Henson laughed. “Not so well, I’m afraid.”

“How about the others?”

“Gus Pritchett knew how to handle himself, and Larry, well, he took it seriously.”

“It sounds like a tough game, it does. Sounds like one I’m glad I missed. But here’s the thing, Padre, did all you chums, you poker buddies, ever get together over a nice friendly hand of five-card draw, jacks to open, trips to win, ever get together and talk about Jesse Sterrett being murdered and Grady Pritchett being a murderer and what you all was going to do about it?”

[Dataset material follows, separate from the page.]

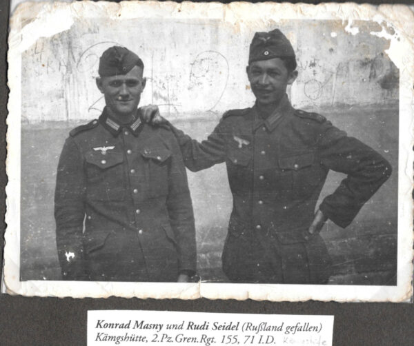 Konrad Masny se narodil v Markvartovicích, kde žil v domě čp. 30. Ve svých 15 letech odešel v roce 1938 za prací do města Breslau (dnes Wrocław, Dolnoslezské vojvodství, součást Polska). Tam narukoval k RAD (Reichsarbeitsdienst – Říšská pracovní služba) – zpočátku civilní, později polovojenská pracovní organizace, postupně zřizovaná v Německu po nástupu nacistů k moci. Jejím úkolem bylo snížení nezaměstnanosti. Do RAD byli povolávání mladí říšští Němci. Dne 26. června 1935 vydali nacisté zákon o všeobecné povinnosti k pracovní službě pro mládež obou pohlaví (existovala tedy i ženská složka RAD) od dovršení 20 let na půl roku. Pro muže měla být přechodem mezi školou a armádou – po půl roce práce v RAD přešli muži do kasáren. Povolání k RAD de facto znamenalo narukování do Wehrmachtu. (zdroj: Wikipedie)

“No, of course not. I told you that Grady did nothing.”

“You sure? Because something here, it seems funny to me. You got Edmonds and Robinson deep in poker debt to Cutlip, a man who likes to get paid. And then this Jesse Sterrett gets his head smashed and he falls into the lake at the quarry. Edmonds said he looked like some pale German banger when they pulled him out. And it’s after they pull him out that all the strange happenings, they happen. Like first Cutlip falls into money and leaves. And Edmonds and Robinson, their foul-tempered creditor suddenly gone from town, call the whole thing an accident. And then you tell us you know it’s not Grady, like you know it for sure, and I begin to wonder how you could know it for sure, and then I begin to wonder how high was your gambling debts from that friendly little game. And to get me even more curious, I learn that Hailey stands up and alibis this Grady Pritchett. Grady Pritchett, who had just been put into the hospital by our friend Jesse, probably because of Hailey in the first place. See, I knew her, too, and she had that effect on men. Grady Pritchett, whose dad is the richest man in town. Grady Pritchett. Now, why would Hailey make up an alibi for Grady Pritchett if he killed her friend Jesse? She wouldn’t, would she? Of course not, except after she alibis Grady, she ends up winning a church scholarship. How does that happen? How does a bare-arsed small-town congregation like this one happen to get its hands on enough money to give a girl like Hailey a scholarship? You don’t even gots enough money to mow the lawn of your damn graveyard, and yet there you are stuffing enough cash in her pockets to put her through college and law school. How does that happen, Padre? Tell us that.”

Henson stared at him for a long time. “You’ve gotten it wrong.”